Joseph Stalin and Leon Trotsky
Stalin didn’t have many friends, but that comes with the job when you are a paranoid dictator with a lot of power. However, it’s how he got the power that created his biggest rival.
Stalin was not a leading revolutionary at the time of the October revolution in 1917 however, after Lenin’s health started failing after a stroke he quickly made moves to seize power. Creating a false history insisting he was Lenin’s right-hand man from the beginning and was destined to succeed him. However, he needed to get rid of his opposition. Leon Trotsky was expelled from the communist party in 1927 and exiled from Russia the following year.
Trotsky believed that the revolution must be spread across the world quickly and Russia should lead the way, while Stalin wanted to consolidate the revolution in Russia first before they spread it to the world and he wanted to manipulate the revolution from a Marxist-Leninist revolution to a Stalinist revolution.
Trotsky fled to Mexico but by 1940 Stalin was on his tail. After surviving attempts on his life in 1939 and early 1940, his luck didn’t last forever and he was assassinated by icepick in August 1940. Although not instantly killing him — Trotsky had time to spit in his assassin’s face — he was taken to hospital but died within a day from shock.
Tony Blair and Gordon Brown
Labour Prime Ministers Tony Blair and Gordon Brown were good allies and wanted to climb the political ladder together. They drew up plans after the sudden death of Labour leader John Smith in 1994, with Brown deliberately not challenging Blair in the leadership contest of 1995 making it easier for Blair to win. Brown would be given powers on domestic policy in a Blair government, and after Blair had served two terms in office, he would step down leaving the premiership open for Brown.
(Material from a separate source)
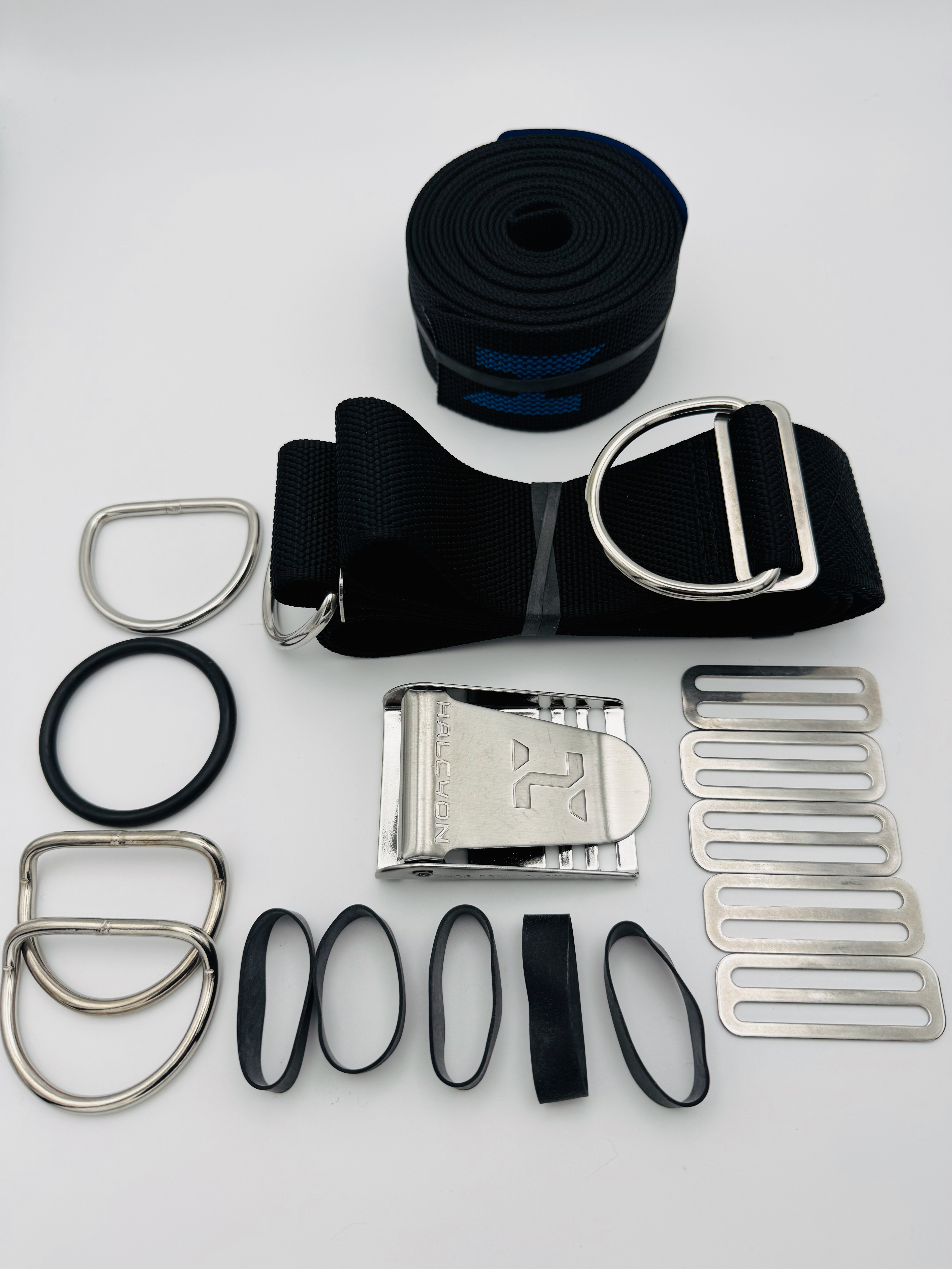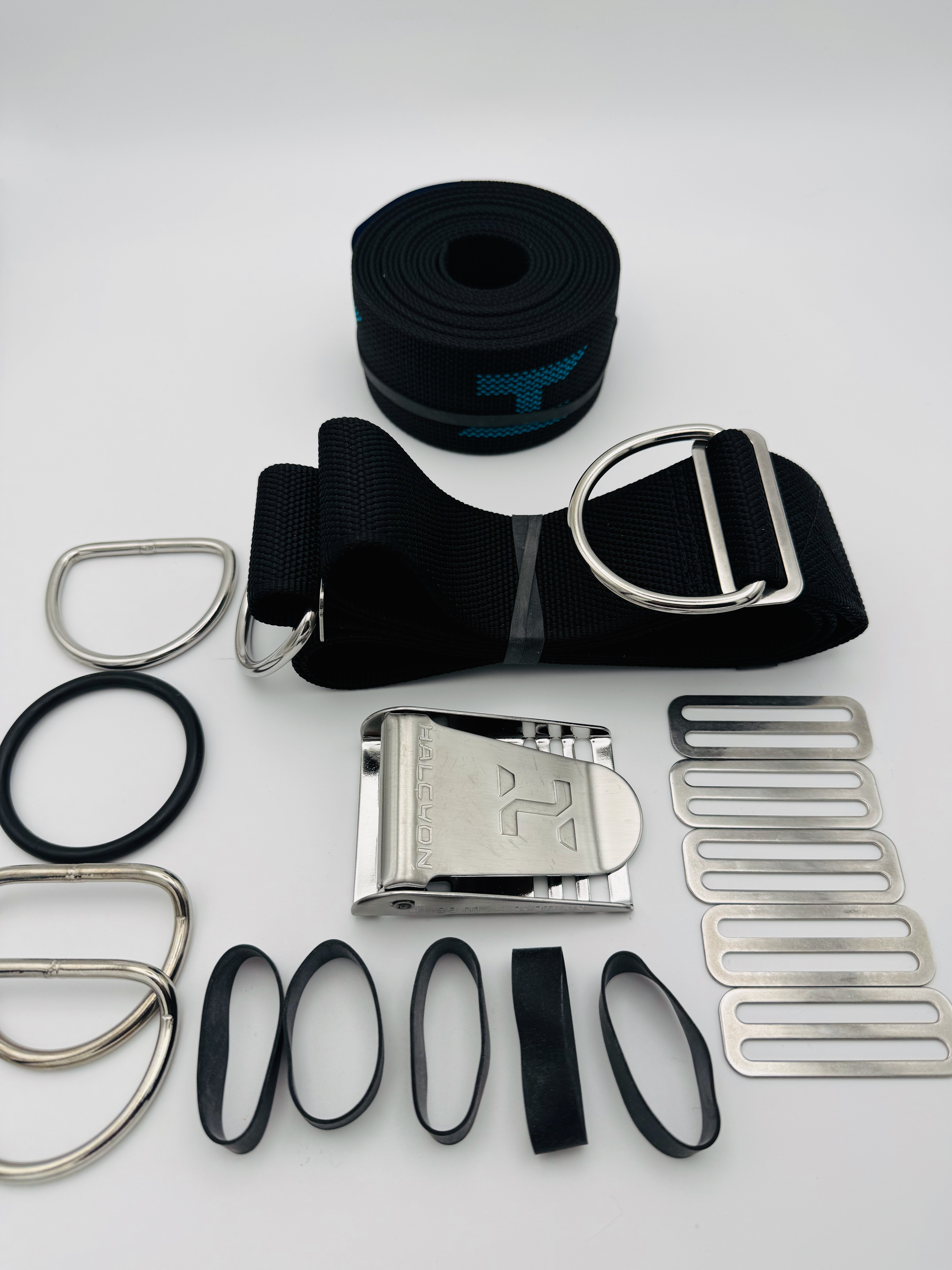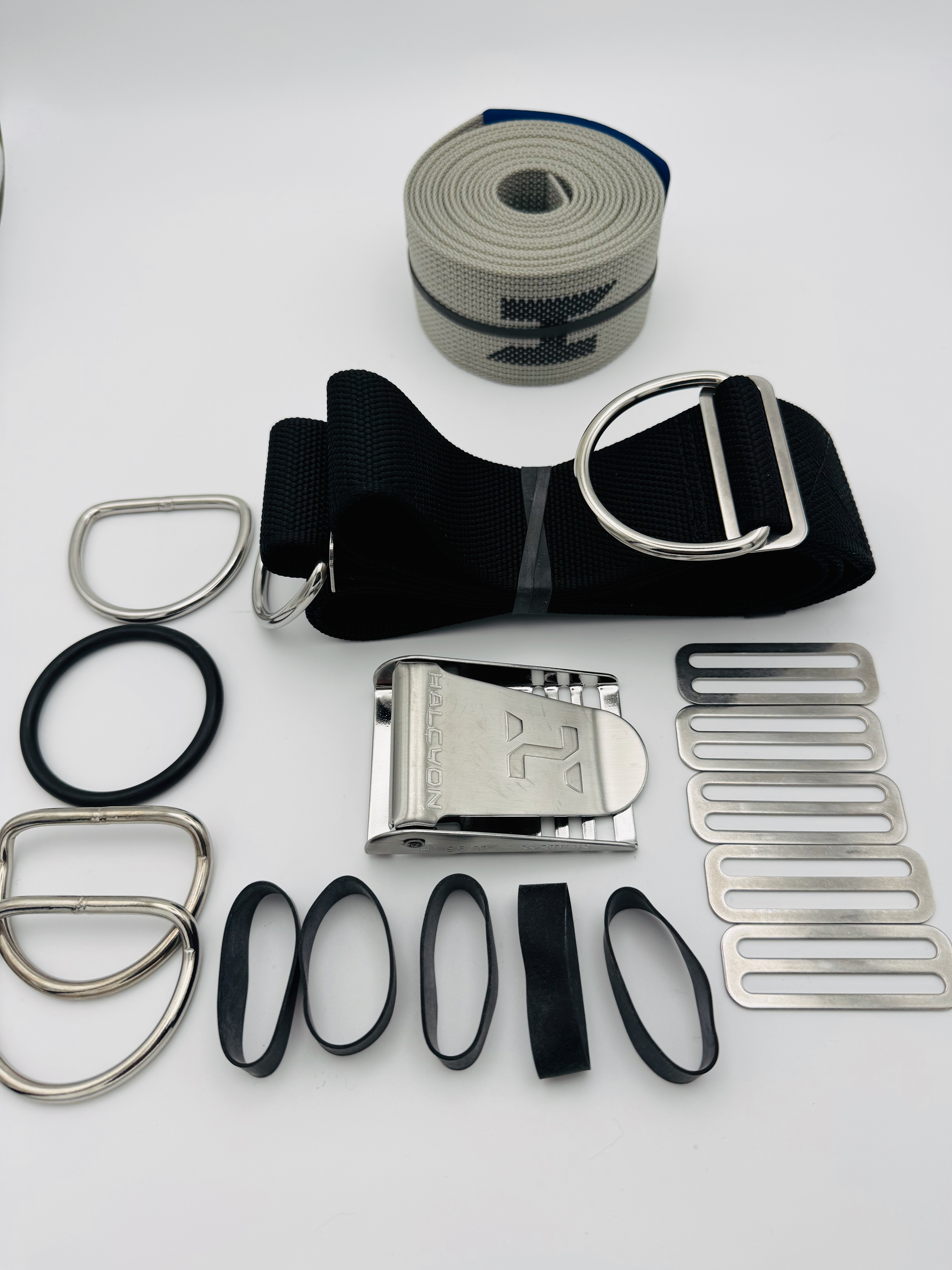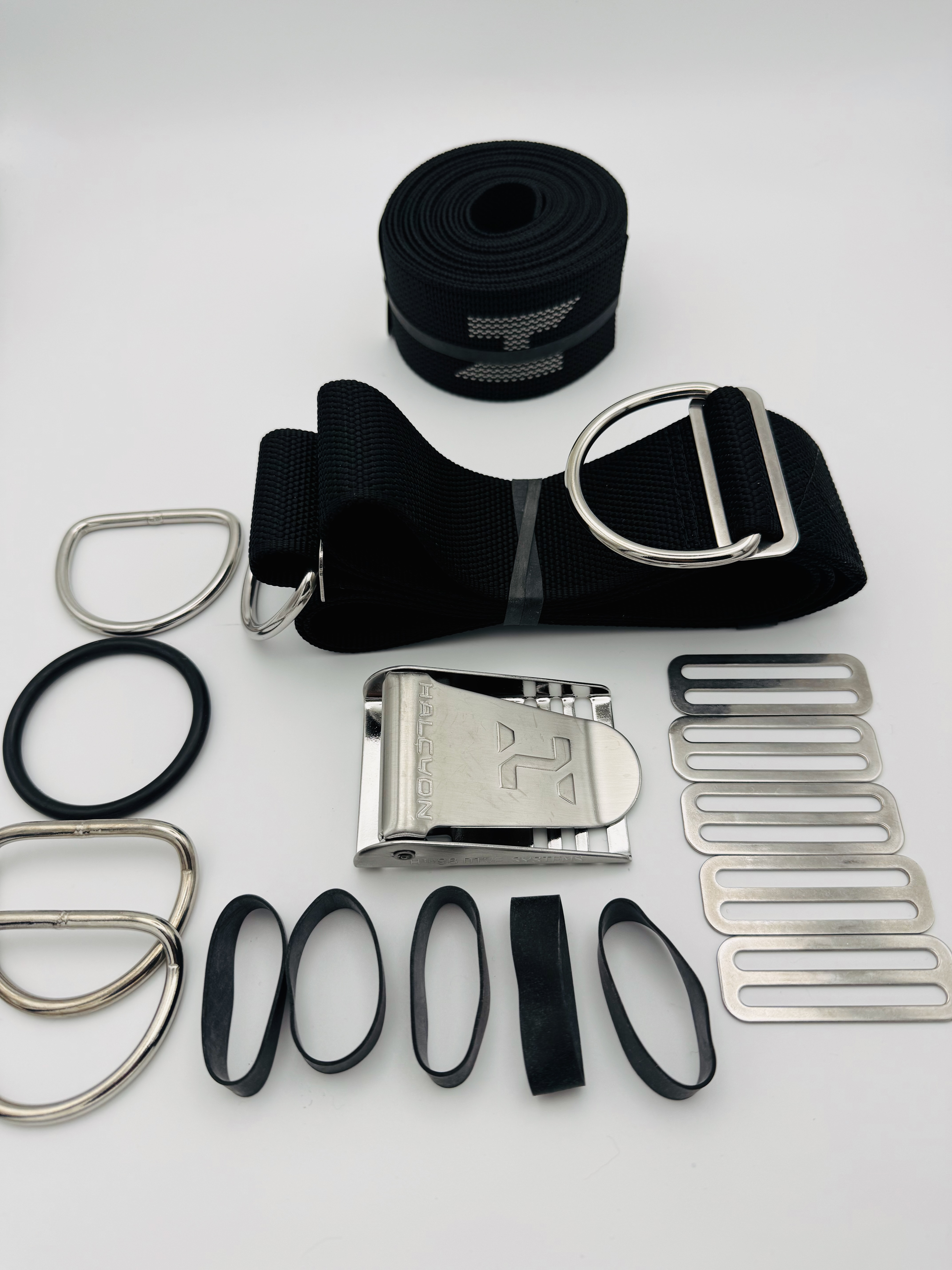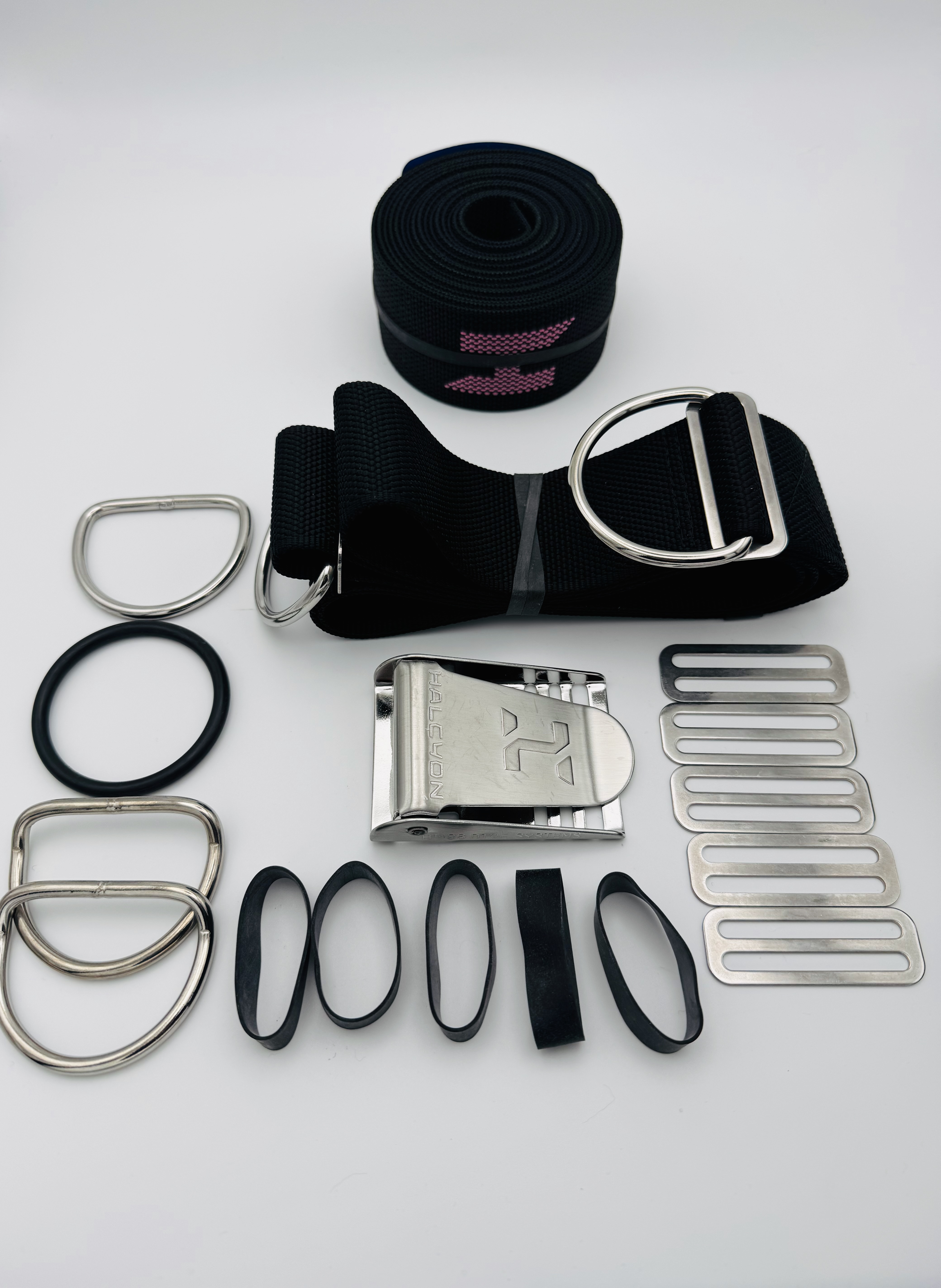 Halcyon Harness Komplett Set mit neues H Logo in 4 Farben und 3 Längen wählbar1 x "H" Gurtband für die Backplate (Farbwahl möglich)1 x Schrittgurt 1 x Gurtschnalle1 x großer O-Ring für Intflatorschlauch1 x glatter D-Ring2 x gekröpfte D-Ringe5 x Dreistege5 x HarnessgummisFolgende Farben zur Auswahl:"H" in blau ( Standard) Gurtband"H" in rosa'H" in weiß"H" in rotLängen: - Small 10' ( ca. 3,05 m länge keine Metallöse) - Standard 12' ( ca. 3,65 m länge mit Metallöse in der Mitte) - Long 14' ( ca. 4,25 m länge mit Metallöse in der Mitte)Wir haben noch ein Restbestand an alten Logo Gurtband / Webbing - nur so lange der Vorrat reicht

However, it’s said that Brown resented being beaten to PM by a younger Blair, which spawned a bitter rivalry that divided the Labour Party while in government. Brown had a more traditional Labour view on public services than Blair, it was revealed that one of Blair’s advisors had drawn up plans to remove Brown from his job. When the time came for Brown to step up as PM, it is said he felt as though he and his plans had been held back. He had hoped for a second term but lost the 2010 election, thus triggering a Labour leadership contest, which created a new political rivalry.
We cannot talk about Labour party rivalries without mentioning the Milibands. Ed and David, the brothers who both ran for Labour leader in 2010. David the older brother had beaten Ed into parliament and the cabinet, but Ed took the top spot shattering David’s dreams. Ed Miliband won by a very narrow margin. David had more support from Labour MPs and party members — but crucially not affiliated members such as trade unions. Ed won with 50.7% of the votes, which many see as a stab in the back for David.
Ed’s time as Labour leader was pretty mixed, and he is infamous for giving us the “Ed stone”, a large tablet of key Labour promises for the 2015 election, which the media mocked and called the “headstone” as Ed Miliband lost the election to David Cameron’s Conservatives.
People say the leadership battle has driven a wedge between the two brothers, which still exists to this day. Things must get very awkward around Christmas.